Other analytics-based resources and tools are being developed to assist in the hiring process. Matchpoint Careers, for example, provides psychometric assessments of job candidates’ reasoning aptitude, behaviors, emotional intelligence and other factors to identify, at the application stage, those who have the potential to be top performers in a particular job. By comparing the assessment results against a database of profiles and answers from millions of candidates, HR can have greater confidence about the potential of new hires.
Another company, Silicon Valley startup Knack, uses games to help identify recruits with a higher probability of becoming successful employees. Recruiters use the games to look at a variety of capabilities and traits, from cognitive ability to creativity to learning to decision making. One of them, “Wasabi Waiter,” asks the player to assume the role of a waiter at a sushi restaurant. Players take orders and then analyze customers’ facial expressions—such as “happy,” “angry” and “sad”—to decide how to proceed. How applicants play the game indicates how well they read social and emotional signals. Performance is benchmarked against the top performers among a company’s current employees to help identify the most promising recruits.
Beyond these kinds of discrete offerings is a bigger trend, known as Big Data, which is about mobilizing and managing large volumes of data that are internal and external to the enterprise. Big Data analytics enables companies to run analyses of datasets as large as many exabytes and see patterns and causality well beyond what the human brain can process on its own. The HR department can begin with a hypothesis and see if it is supported by the data. But HR can also just say, “Let’s see where the numbers are taking us and what story is being told,” toward the end of extracting hidden, differentiated value. Big Data analytics is key to delivering on the full promise of talent analytics: predict workforce and marketplace developments and take action in advance.
With these tools and technology capabilities, companies are discovering important trends about their workforce. For example, a large technology company performed an extensive analysis on a representative sample of its workforce to study the multiple factors that went into whether an employee stayed or left. The analysis was complex, looking at the interrelationships among approximately 200 different HR and finance factors and more than 100,000 individuals over two years.
The results, not surprisingly, were also complex.

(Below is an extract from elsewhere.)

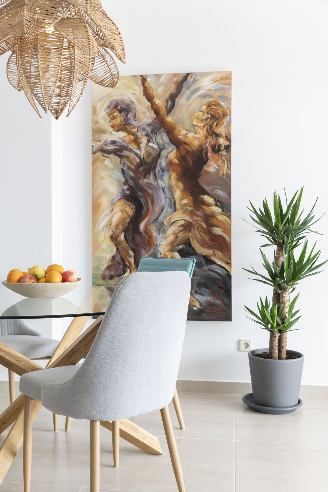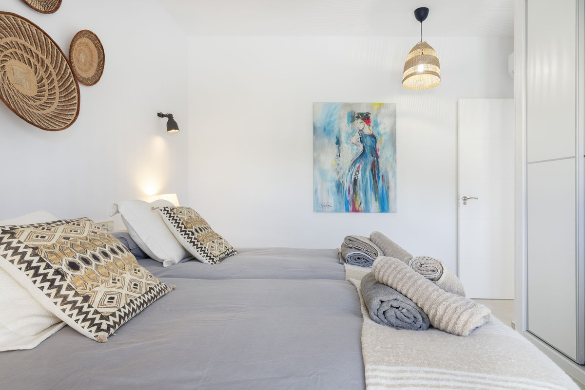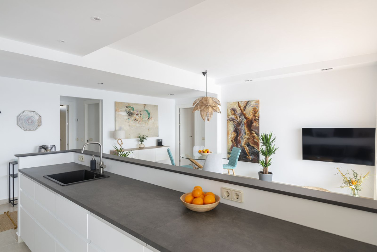 At its amazing location, this dreamy vacation home unfolds with perfection. Boasting a generous 90 m2 layout, it accommodates 2 bedrooms, 2 bathrooms, and a spacious 15 m2 terrace that treats you to breathtaking views. Recently remodelled in 2022, it showcases a brand-new open-plan kitchen with a modern design, contemporary tiling, and two updated bathrooms featuring underfloor heating. The functionality and style of the apartment are elevated by built-in closets in both bedrooms and hallways.

In one part of the company, certain factors (such as opportunities for advancement, training offerings and the quality of supervision) made a difference between an employee staying or leaving. But in another part of the company, different factors were at play. Analytics can help parse these complexities into meaningful information for decision making.

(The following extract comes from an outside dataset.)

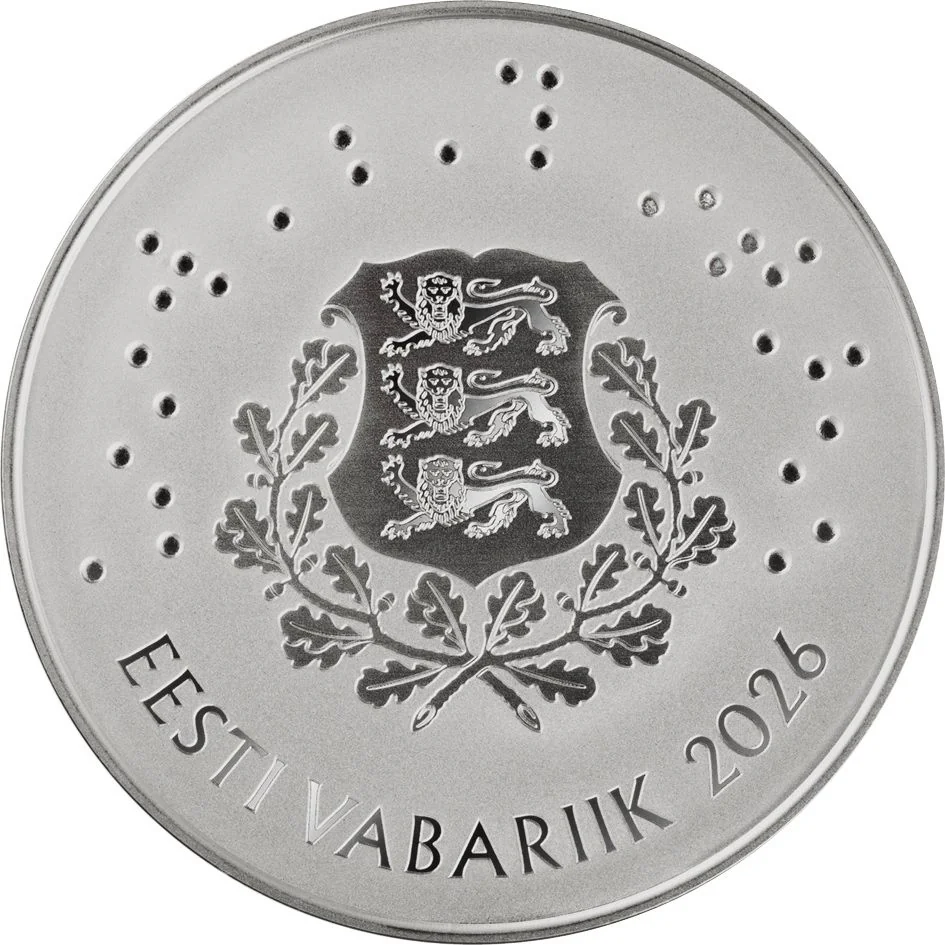 EESTI VABARIIK in Braille encircles the coat of arms, resembling falling snow.

An Asian life insurance company used talent analytics to make better decisions about employee recruiting and retention. The company began working with an HR outsourcing provider, primarily to improve the efficiency of its recruiting and onboarding processes. As the relationship progressed, however, the company asked the provider to help with a more serious business problem: retaining people in one of its most critical workforces—managers at its affiliated agency locations. The company was experiencing 100 percent turnover among these employees, with many leaving after only six months—a situation that was impeding overall corporate growth.

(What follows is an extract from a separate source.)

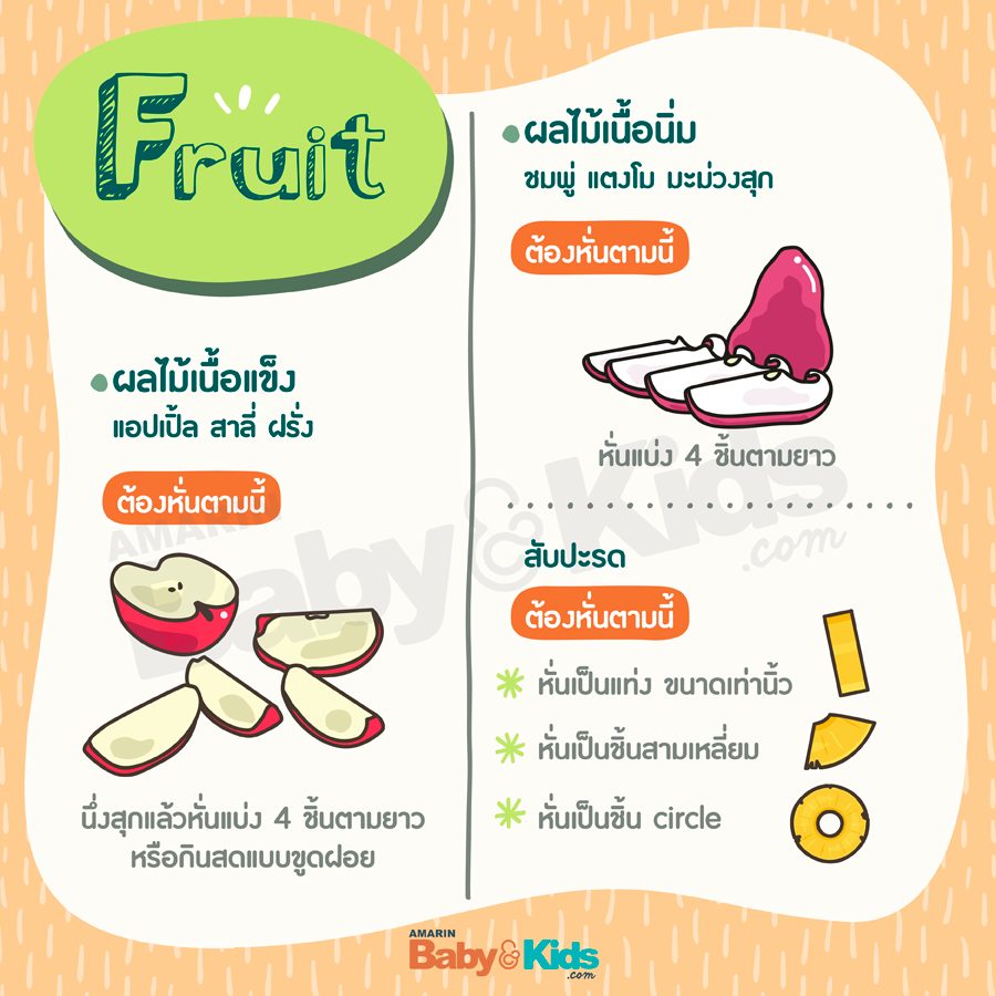 สำหรับผลไม้ที่ให้ลูกกินได้ก็มีหลายอย่าง ถ้าเป็นผลไม้เนื้อแข็งอย่าง แอ๊ปเปิ้ล ฝรั่ง ต้องนึ่งสุกก่อนแล้วถึงผ่าสี่หรือกินสดให้ได้ทั้งผล ให้ลูกงับได้ หรือขูดฝอยก่อนให้หยิบกิน .. ส่วนเนื้อผลไม้เนื้อนิ่ม ตัดแบ่งให้จับถนัดมือได้เลย

Executives had several hypotheses. Perhaps it was about compensation, or maybe it was an issue with the quality of life at the locations. The provider was able to use predictive analytics to determine the actual predictors of success in terms of the performance and retention of these workers. Among the insights: Educational requirements for incoming managers had set false expectations about the kind of work actually involved. The company had been requiring that all new managers have MBAs. In fact, the analysis showed that these recruits were often among the company’s poorest performers. This data enabled the company to alter the job profile, which also opened up the position to a broader group of candidates.
An important lesson of the company’s experience is that the results of an initial talent analytics program need to be revisited over time to continue to validate the findings. One point of comparison had been between managers working at branches within their home state and those working in a state other than where they had grown up. An initial analysis seemed to indicate that managers who had moved around frequently and had previously been forced to establish new networks were performing better. A year later, a more complete analysis of the parameters found that the reverse was actually true: Managers working within their state were outperforming the outsiders.
The results of this talent analytics program were impressive. Six months after the company changed its hiring profile, new-hire performance shot up by more than 100 percent and new-hire attrition went down by 50 percent.